View Wikipedia content offline with Kiwix
Accessing Wikipedia is generally easy. Need to know something? Point your browser at www.wikipedia.org, search for the topic in question, and you’ll have all the details you need in just a few moments.
But what if you have a slow connection, maybe metered, perhaps no connection at all? Then what you really need is Kiwix, which allows you to download a local copy of Wikipedia for speedy offline access on your PC, Mac or Android device.
Kiwix included both an installable and portable edition on our test PC. We ran the portable version, agreed to download the list of available content, and clicking "Get new files" then displayed our various options.
The key file here was "Wikipedia", a 9.68GB download containing all the site’s English language articles (some 3.87 million, in total). There are also more selective editions, though -- the "45,000 best articles", or "6000 Wikipedia articles for school children" -- along with extras like Wikivoyage ("The free worldwide travel guide") and more.

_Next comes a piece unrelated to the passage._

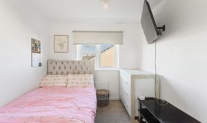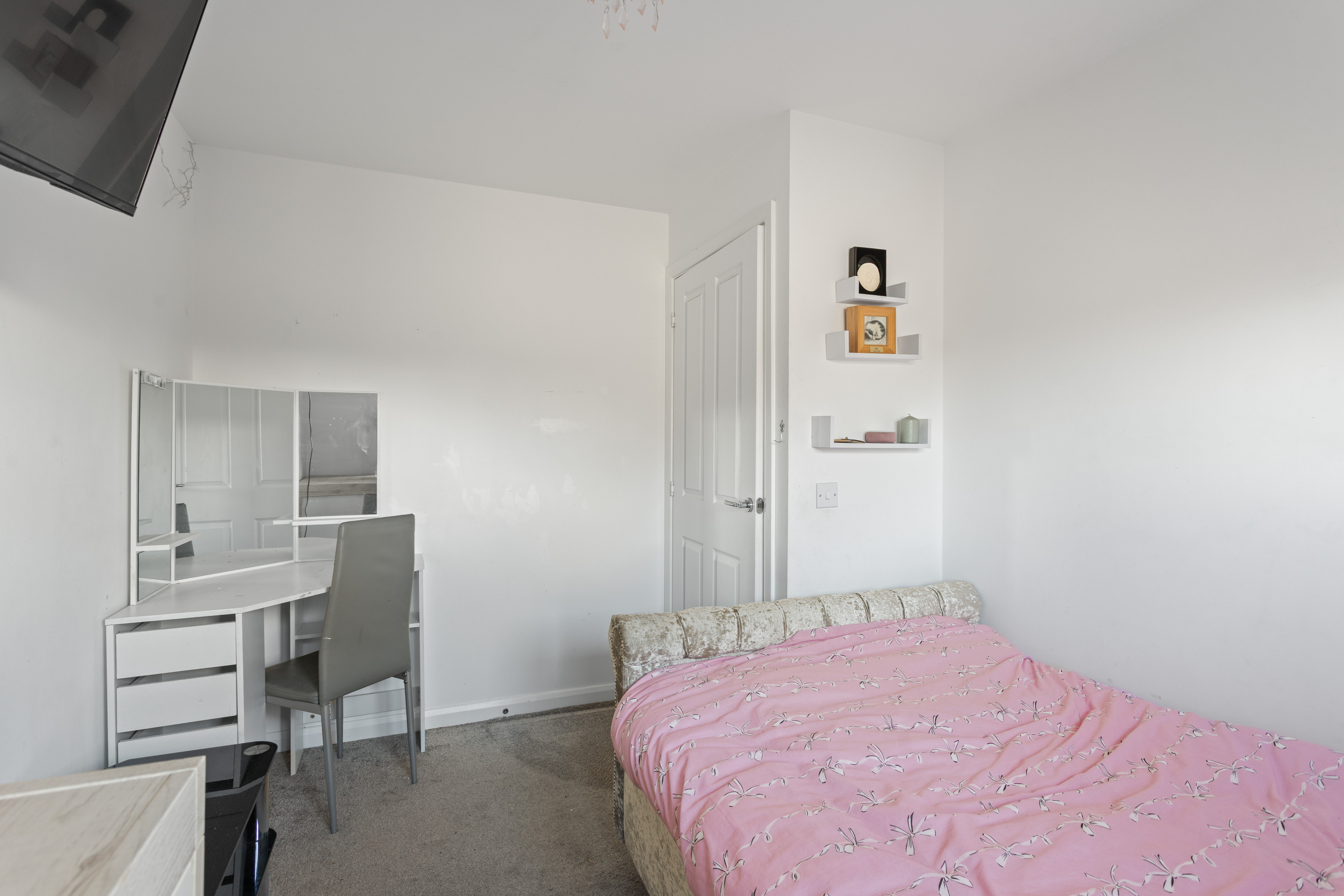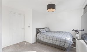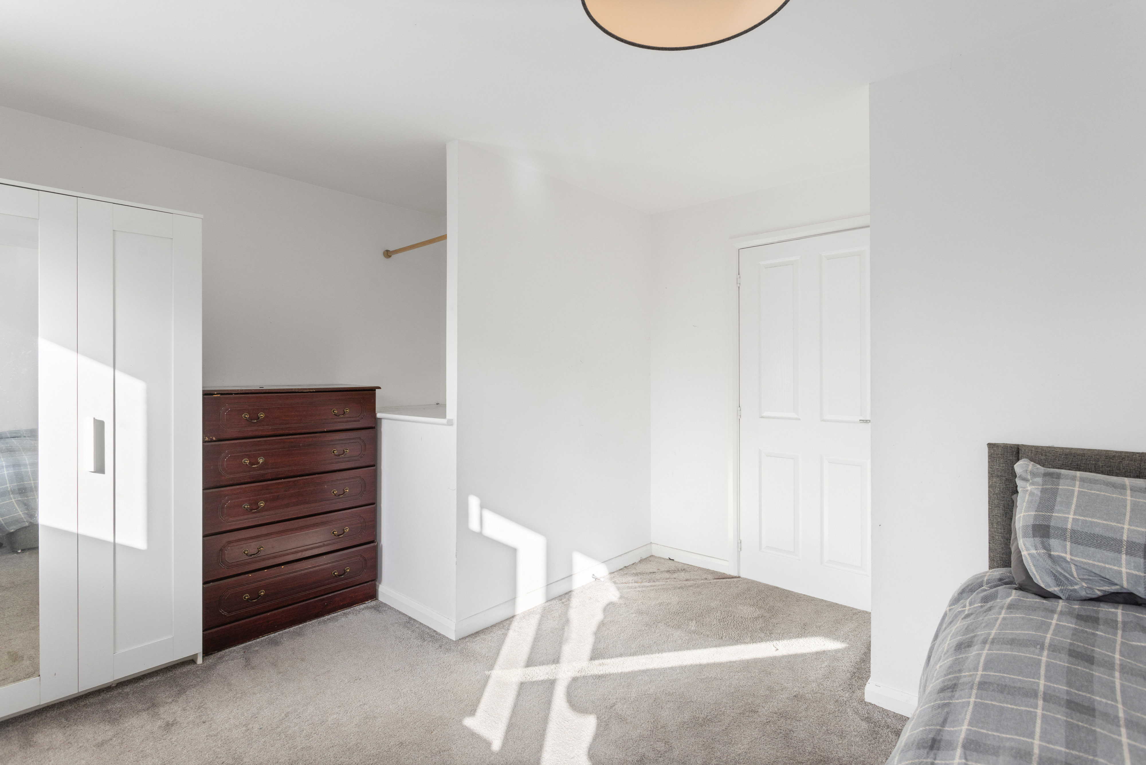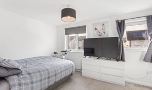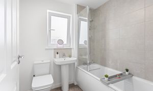 Upstairs, the property offers three well proportioned bedrooms. The principal bedroom is a generous size, comfortably accommodating a king size bed with bedside cabinets and space for wardrobe furniture and benefits from dual aspect windows which enhance the natural light. Bedroom two is another good sized double room, while bedroom three is ideal as a single bedroom, nursery or home office. The family bathroom is centrally located and comprises a modern three piece suite with a bathtub and overhead shower, fully tiled around the bath area and finished with a chrome heated towel rail.

Whatever file you choose can be downloaded in a click, and displayed with another, at which point you’re able to browse it just like regular Wikipedia. Run a search, or browse the index; click a link, and the relevant article appears, complete with images, ready for reading.
One problem here is these offline editions are a little out of date. The major Wikipedia download is dated March 2012, for instance; that’s fine if you want to know when Renoir was born, or look up the capital of Peru, but could become an issue if you’re browsing pages on music, TV, or anything else which might see major updates on a daily basis.
We found the occasional small technical problem, too. In theory you can print articles to PDF, for instance; in practice, we found this didn’t work very well at all (at least some of the page content would generally be missing in the finished file).
Still, for all this, Kiwix does provide a simple and free way to access and search Wikipedia content offline. Go take a look.